5. In this way, an image covering the entire 1H is displayed, and by sequentially performing vertical scanning, the entire image can be synthesized on the screen.

Problems to be Solved by the Invention However, in the conventional configuration as described above, the vertical scanning electrode 10
The pitch of 3 is about 0.6 to 1 g, which is good if the screen to be displayed is small, but as the screen becomes larger, the area of this vertical scanning electrode 103 also increases, and the glass support Accuracy and manufacturing method of insulating support 102 and vertical scanning electrode 1o3 formed on this insulating support 102
There are also problems in manufacturing, such as the formation of a conductive film and the processing equipment and handling due to the size during photoetching. In addition, as the area of the screen becomes larger, the linear cathode 101 becomes longer. Conventionally, at least one end of the linear cathode 101 is attached to a spring member for stretching.
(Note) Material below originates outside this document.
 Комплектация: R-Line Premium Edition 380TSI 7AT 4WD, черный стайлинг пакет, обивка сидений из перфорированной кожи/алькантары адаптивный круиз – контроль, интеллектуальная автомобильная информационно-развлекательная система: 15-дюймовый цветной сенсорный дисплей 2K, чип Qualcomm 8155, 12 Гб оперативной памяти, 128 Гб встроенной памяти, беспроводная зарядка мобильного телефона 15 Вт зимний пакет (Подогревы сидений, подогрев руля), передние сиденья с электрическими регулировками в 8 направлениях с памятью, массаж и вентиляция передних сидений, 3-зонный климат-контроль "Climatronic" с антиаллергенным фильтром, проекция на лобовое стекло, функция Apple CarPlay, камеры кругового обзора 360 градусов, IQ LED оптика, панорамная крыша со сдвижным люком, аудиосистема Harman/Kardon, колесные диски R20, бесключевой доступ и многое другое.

Mechanical vibration of the linear cathode 101 cannot be prevented simply by stretching it.

As a result of this vibration, the linear cathode is short-circuited with the electrode and damaged, and the flow of electrons generated from the linear cathode becomes unstable, causing brightness to change on the screen and causing image fluctuation.

Therefore, the present invention solves the above problems, and can be easily manufactured even when the screen is enlarged, and can prevent vibration of the linear cathode, thereby preventing damage to the linear cathode and image fluctuation. An object of the present invention is to provide an image display device that can perform the following functions.

Means for solving the problems and the technical means of the present invention for solving the above problems include one or more stretched linear cathodes, and an electrical connection in the length direction of the linear cathodes. Scan electrodes are divided and arranged in parallel at a wide pitch in a direction orthogonal to the linear cathode; The device is equipped with a deflection electrode for deflecting all or part of the individual electron beams in the length direction of the linear cathode.

Effects of the present invention With the above-described configuration, the present invention can be manufactured by dividing the scan electrode into parts with a wide pitch where the scan electrodes are missing. By deflecting the image to the position of the portion where the image is displayed, missing portions are prevented from occurring on the screen. In addition, the linear cathode can be supported in a vibration-proof manner by using the wide pitch part where the scanning electrode is missing. The flow of electrons generated from the cathode can be stabilized.

EXAMPLE Hereinafter, an example of the present invention will be described in detail with reference to the drawings. In FIG. 1, in order to clarify the horizontal and vertical directions of the screen, a horizontal direction H and a vertical direction V are shown on the surface of the glass substrate 6, which is the screen section 4. The linear cathode 1 is constructed by forming an oxide cathode on the surface of a tungsten wire. A plurality of linear cathodes 1 are vertically long and arranged independently at equal intervals. In this embodiment, as shown in FIG. 4, each linear cathode 1 is stretched between spring members 3 attached to an insulating support 2 made of glass or the like.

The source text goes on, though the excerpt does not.